Notes: The energy at sixth-order Møller-Plesset (MP6) perturbation theory is given and dissected into 36 size-consistent energy contributions resulting from single (S), double (D), triple (T), quadruple (Q), pentuple (P), and hextuple (H) excitations. It is shown that MP6 is an O(N9) method, but less costly approximations to MP6 are possible.

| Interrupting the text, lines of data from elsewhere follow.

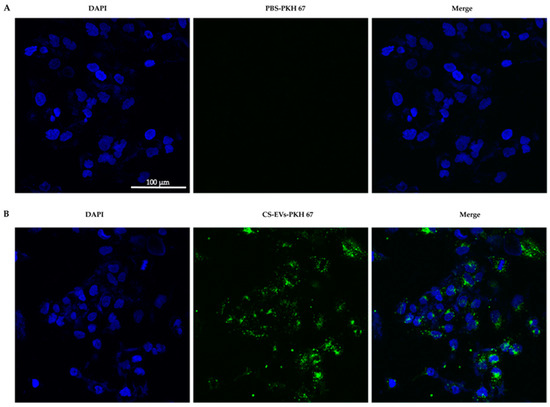 The uptake of CS-EVs by RBE cells was verified by confocal microscopy with PKH-67 labeling (green). RBE cells were incubated with the PKH67-PBS control (A) and 10 μg of PKH67-CS-EVs (B) for 24 h.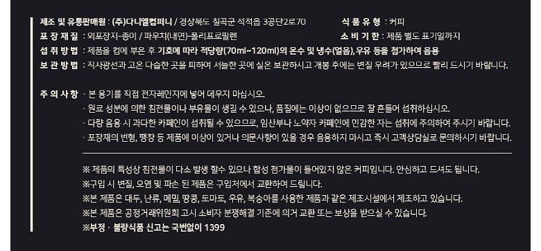 | 생산자 및 소재지 | 상품 상세페이지 참조 | 제조연월일, 소비기한 또는 품질유지기한 | 상품 상세페이지 참조 |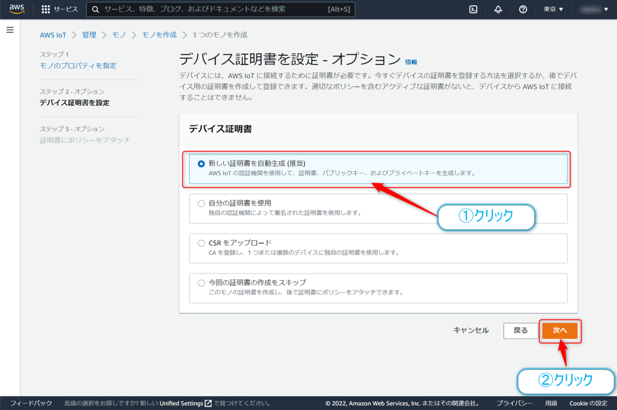 続いてステップ2の【デバイスの証明書を設定】画面となります。今回はこのモノに新しい証明書を作成して設定するので、【新しい証明書を自動生成(推奨)】にラジオボタンを設定して、【次へ】ボタンをクリックします。

MP6 is used to analyze and compare coupled cluster (CC) and quadratic configuration interaction (QCI) methods, namely CCD, CCSD, CCSD(T), CCSD(TQ), CCSDT, CCSDT(Q), CCSDT(QQ), QCISD, QCISD(T), and QCISD(TQ). For larger molecules and molecules with distinct T contributions, CCSD is significantly better than QCISD because CCSD covers a relatively large number of T contributions and in particular T,T coupling effects at sixth order. Differences between the two methods become larger at higher orders of perturbation theory. If T and Q excitations are included in QCISD and CCSD in a noniterative way - thus leading to QCISD(T), CCSD(T), QCISD(TQ), and CCSD(TQ) - then differences between QCI and CC decrease. Hence, if a given molecular problem depends on the inclusion of T effects, improved calculational results will be obtained in the following order: MP4(SDTQ) 〈 QCISD(T) 〈 CCSD(T) 〈 QCISD(TQ), CCSD(TQ) 〈 CCSDT. None of the methods investigated is correct in sixth order. Only if CCSDT is extended to CCSDT(QPH), which is also an O(N9) method, are all MP6 energy contributions then covered.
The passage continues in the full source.